Tuesday, September 14, 2010

the value of a woman

In all of the stories we have read in the last few weeks there has been a lot of descriptions of women and there is clear evidence that women were not thought of as people but more as objects. The women are looked at two different extremes they are either valued for their beauty or they are cast aside as ugly and diseased. In Gulliver’s Travels women are described as someone who “bred rottenness in the bones of those who fell into their embraces; that this and many other diseases were propagated from father to son” (Swift 457).I really don’t think if I were a man that I would want to touch a female described that way, but we all know men did. In Candide, we see a man desperately in love until she loses her beauty. We see this in toward the end of the story when he sees Cunegonde again “with her skin weathered, her eyes bloodshot, her breasts fallen, her cheeks seamed, her arms red and scaly, he recoiled three steps in horror, and then advanced only out of politeness”(Voltaire 577).
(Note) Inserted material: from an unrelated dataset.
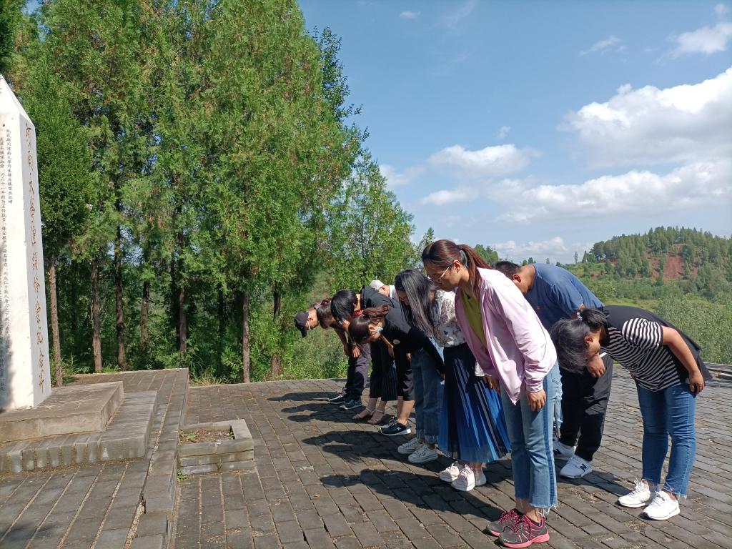 潭头惨案纪念碑处,在纪念碑前为牺牲的河大师生三鞠躬,缅怀先烈。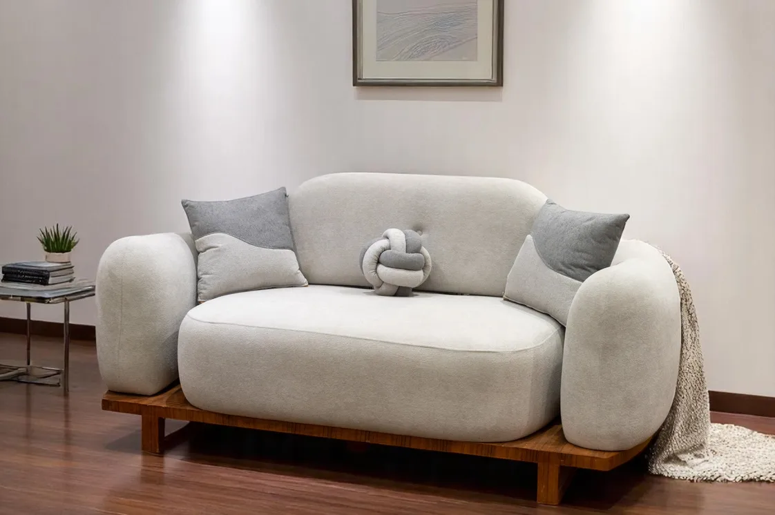 كنبة أنيقة بلون رمادي فاتح تضيف دفئًا وأناقة. تأتي بوسائد بلونين رمادي فاتح وغامق مع وسادة وسطى بتصميم عقدة مميزة. مثبتة على قاعدة خشبية متينة.

This cannot be a man who is in love with her as a person for her mind. Even though Candide does marry her it is surely out of spite for the Baron and that he promised her marriage. He was in love with her beauty and married her only because of his pride. The last story about Cooper and Osen spoke volumes about the authors view of women. First of all, the old Nanny is described as a “mischievous crone in whom cooper had put his trust”(Saikuku 593). Even though Cooper is getting help from this woman, he describes her as being deceptive. Later in the story, women are characterized as “fickle creatures. Captivated by some delicious love story, or deluded by the latest dramatic productions of Dotombori their souls caught up in giddy corruption”( Saikaku 600). This is further evidence of his attitude that women are ruled by the heart and not the mind.